Title of article :
Efficacy of Risperidone Augmentation with Ondansetron in the Treatment of Negative and Depressive Symptoms in Schizophrenia: A Randomized Clinical Trial
Author/Authors :
Samadi, Roya Psychiatry and Behavioral Sciences Research Center - Department of Psychiatry - Faculty of Medicine - Mashhad University of Medical Sciences - Mashhad , Soluti, Susan Psychiatry and Behavioral Sciences Research Center - Department of Psychiatry - Faculty of Medicine - Mashhad University of Medical Sciences - Mashhad , Daneshmand, Reza Substance Abuse and Dependence Research Center - University of Social Welfare and Rehabilitation Sciences - Tehran , Assari, Shervin Department of Psychiatry - School of Public Health - University of Michigan - Ann Arbor - USA , Akhoundpour Manteghi, Ali Department of Psychiatry, Ibn‑e‑Sina Psychiatric Hospital - Faculty of Medicine - Mashhad University of Medical Sciences - Mashhad
Abstract :
Background: Given the potential role of the
5‑hydroxytryptamine‑3 receptor in the pathogenesis of
schizophrenia, this study was performed to determine whether
ondansetron plus risperidone could reduce the negative and
depressive symptoms in patients with treatment‑resistant
schizophrenia.
Methods: In a double‑blinded, placebo‑controlled, randomized
trial (IRCT registration # 201112125280N7), in 2012–2013 in
Mashhad, Iran, 38 patients with treatment‑resistant schizophrenia
received risperidone either combined with a fixed dose (4–8 mg/d)

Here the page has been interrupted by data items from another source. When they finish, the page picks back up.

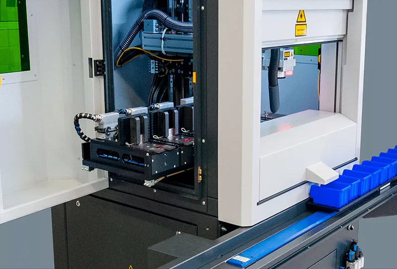 Optical part recognition from ACSYS is the key to highly efficient batch processing. The system is ideal if you feed several workpieces of the same type to your ACSYS system in bulk at the same time in order to process them in a single pass. How it works: The OPR camera module captures the parts on the workpiece carrier. The associated software uses the images to recognize the position and alignment of each individual workpiece and controls the laser so that the engravings or markings are always made exactly at the predefined position.
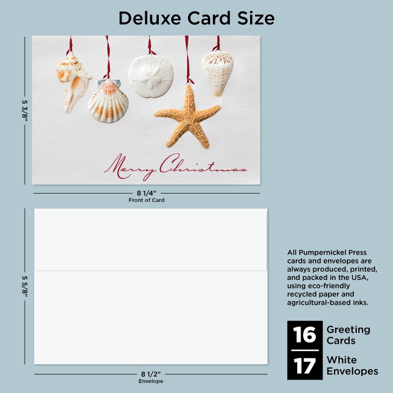 Our Deluxe Cards measure a generous 8-1/4"x 5-3/8", but require no additional postage to send. Cards are printed on uncoated, textured cardstock, using our signature production process for rich, brilliant colors. Our detailed, sculptured embossing gives our products a luxurious feel and quality, for a card to delight both giver and recipient. All Pumpernickel Press cards and envelopes are always produced, printed, and packed in the USA, using eco-friendly recycled paper and agricultural-based inks.
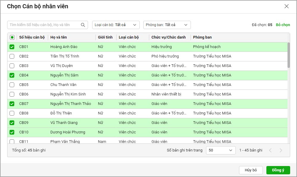 - Gửi phiếu thu nhập cho CBNV

of ondansetron (n=18) or with a placebo (n=20) for 12 weeks.
The patients were evaluated using the Positive and Negative
Syndrome Scale (PANSS), Wechsler’s Adult Intelligence
Scale‑Revised (WAIS‑R), and Hamilton’s Rating Scale for
Depression (HRSD) at baseline and 12 weeks later. Changes in
the inventories were used to evaluate the efficacy of the treatment.
The t test, Chi‑square test, and SPSS (version 16) were used to
analyze the data. The statistical significance was set at P<0.05.

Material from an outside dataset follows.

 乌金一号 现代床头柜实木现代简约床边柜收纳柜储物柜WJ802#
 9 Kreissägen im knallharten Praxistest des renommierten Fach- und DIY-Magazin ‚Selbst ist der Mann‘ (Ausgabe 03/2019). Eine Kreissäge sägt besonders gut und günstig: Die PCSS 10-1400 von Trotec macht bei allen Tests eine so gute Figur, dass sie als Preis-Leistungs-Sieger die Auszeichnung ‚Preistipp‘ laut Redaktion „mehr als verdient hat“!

Results: Ondansetron plus risperidone was associated with a
significantly larger improvement in the PANSS overall scale
and subscales for negative symptoms and cognition than was
risperidone plus placebo (P<0.001). The WAIS‑R scale results
indicated significant differences between the 2 groups before
and after administrating the medicine and the placebo. The
administration of ondansetron significantly improved visual
memory based on the subtests of the WAIS (P<0.05). Ondansetron
had no positive effects on depressive symptoms (effect size=0.13).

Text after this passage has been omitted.